All of lore.kernel.org
 help / color / mirror / Atom feed
* EDAC igen6 error messages at boot
@ 2022-10-21 16:08 Orion Poplawski
  2022-10-25  2:46 ` Zhuo, Qiuxu
  0 siblings, 1 reply; 8+ messages in thread
From: Orion Poplawski @ 2022-10-21 16:08 UTC (permalink / raw)
  To: linux-edac

[-- Attachment #1: Type: text/plain, Size: 1314 bytes --]

We have a Dell XPS 15 9520 running 5.15.0-52-generic (Ubuntu 20.04) and get
the following at boot:

[    0.981641] EDAC MC: Ver: 3.0.0
[   31.801126] caller igen6_probe+0x176/0x7b0 [igen6_edac] mapping multiple BARs
[   31.805272] EDAC MC0: Giving out device to module igen6_edac controller
Intel_client_SoC MC#0: DEV 0000:00:00.0 (INTERRUPT)
[   31.810599] EDAC MC1: Giving out device to module igen6_edac controller
Intel_client_SoC MC#1: DEV 0000:00:00.0 (INTERRUPT)
[   31.810616] EDAC igen6 MC1: HANDLING IBECC MEMORY ERROR
[   31.810617] EDAC igen6 MC1: ADDR 0x7fffffffe0
[   31.810619] EDAC igen6 MC0: HANDLING IBECC MEMORY ERROR
[   31.810620] EDAC igen6 MC0: ADDR 0x7fffffffe0
[   31.811957] EDAC igen6: v2.5

logwatch triggers on the ERROR and reports them.

However, from some searching around this seems to be fairly common, so I'm
guessing they are somewhat spurious.  Unfortunately the messages seem to be
similar to what you would see with an actual memory error so don't want to
completely ignore them.

Could anyone shed some more light here?

Thanks!

-- 
Orion Poplawski
IT Systems Manager                         720-772-5637
NWRA, Boulder/CoRA Office             FAX: 303-415-9702
3380 Mitchell Lane                       orion@nwra.com
Boulder, CO 80301                 https://www.nwra.com/

[-- Attachment #2: S/MIME Cryptographic Signature --]
[-- Type: application/pkcs7-signature, Size: 3847 bytes --]
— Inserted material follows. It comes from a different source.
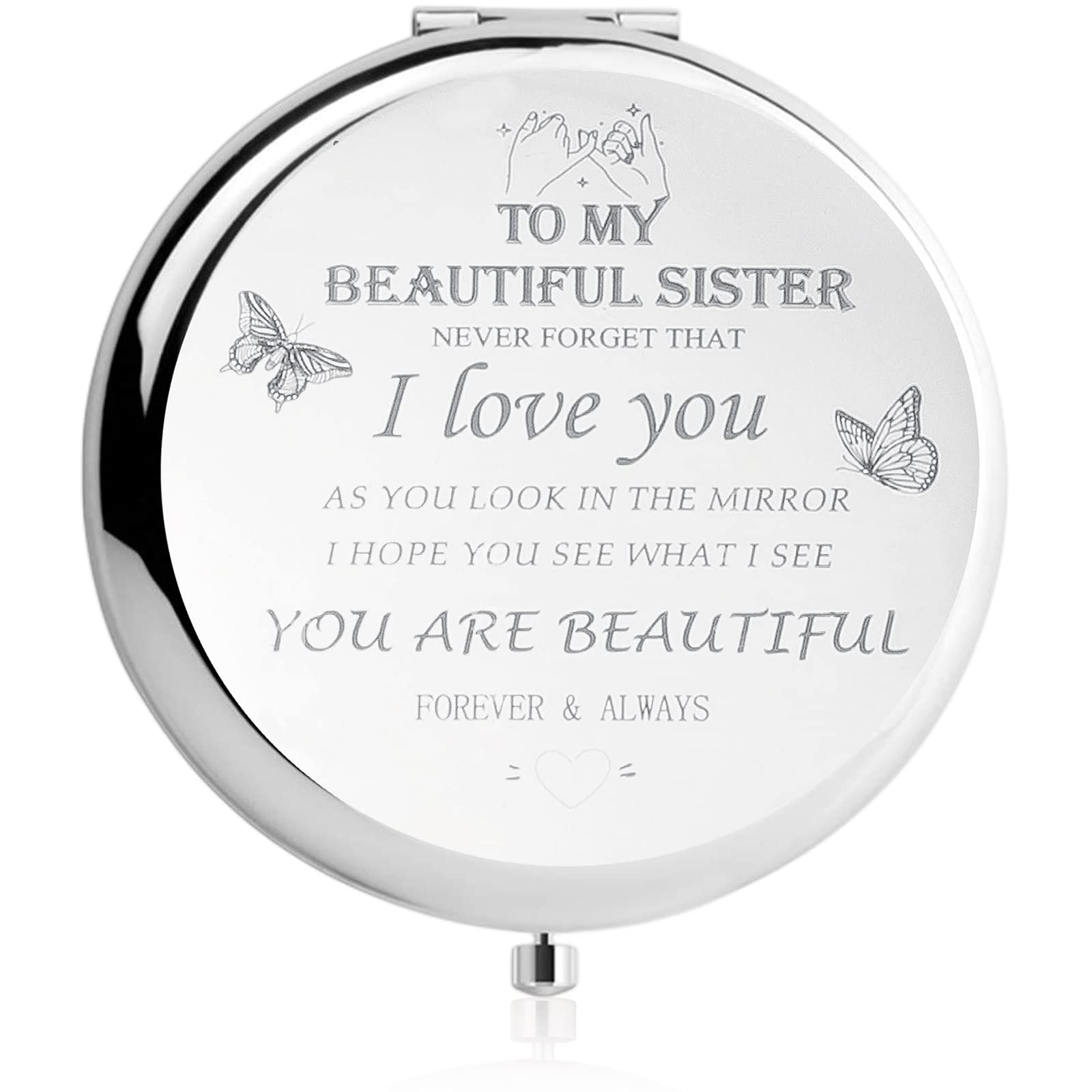 - 🎁Perfect Sister Gifts: sisters gifts from sister, sister birthday gifts from sister, Silver compact mirror is perfect and impeccable, eternal`s fine engraving , Valentine, Christmas, Thanksgiving day, sister gifts, A sweet and unique gift which could express the love between you and your best sister very well, It will bring back happy memories when she uses it every time.
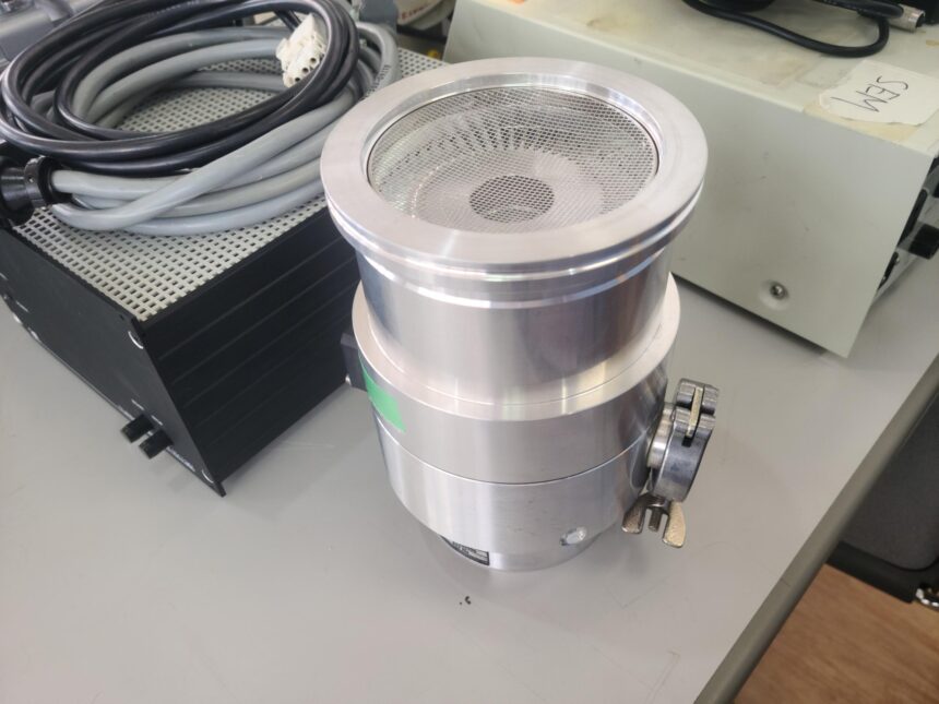 ターボ分子ポンプは、タービンの形をしたドライ真空ポンプです。タービン翼を分子の熱運動に近い速度で高速回転させ、タービン翼の傾きに応じた分子運動の偏りを作ることで排気を行います。タービン翼の高速回転を可能とするため、ある程度の真空中で使用する必要があり、他の真空ポンプと組み合わせて使われます。

^ permalink raw reply	[flat|nested] 8+ messages in thread

* RE: EDAC igen6 error messages at boot
  2022-10-21 16:08 EDAC igen6 error messages at boot Orion Poplawski
@ 2022-10-25  2:46 ` Zhuo, Qiuxu
  2022-10-25  2:58   ` Orion Poplawski
  0 siblings, 1 reply; 8+ messages in thread
From: Zhuo, Qiuxu @ 2022-10-25  2:46 UTC (permalink / raw)
  To: Orion Poplawski, linux-edac



> From: Orion Poplawski <orion@nwra.com>
> Sent: Saturday, October 22, 2022 12:08 AM
> To: linux-edac@vger.kernel.org
> Subject: EDAC igen6 error messages at boot
> 
> We have a Dell XPS 15 9520 running 5.15.0-52-generic (Ubuntu 20.04) and get
> the following at boot:
> 
> [    0.981641] EDAC MC: Ver: 3.0.0
> [   31.801126] caller igen6_probe+0x176/0x7b0 [igen6_edac] mapping multiple
> BARs
> [   31.805272] EDAC MC0: Giving out device to module igen6_edac controller
> Intel_client_SoC MC#0: DEV 0000:00:00.0 (INTERRUPT)
> [   31.810599] EDAC MC1: Giving out device to module igen6_edac controller
> Intel_client_SoC MC#1: DEV 0000:00:00.0 (INTERRUPT)
> [   31.810616] EDAC igen6 MC1: HANDLING IBECC MEMORY ERROR
> [   31.810617] EDAC igen6 MC1: ADDR 0x7fffffffe0
> [   31.810619] EDAC igen6 MC0: HANDLING IBECC MEMORY ERROR
> [   31.810620] EDAC igen6 MC0: ADDR 0x7fffffffe0

Did you still see the error log after you re-boot the machine?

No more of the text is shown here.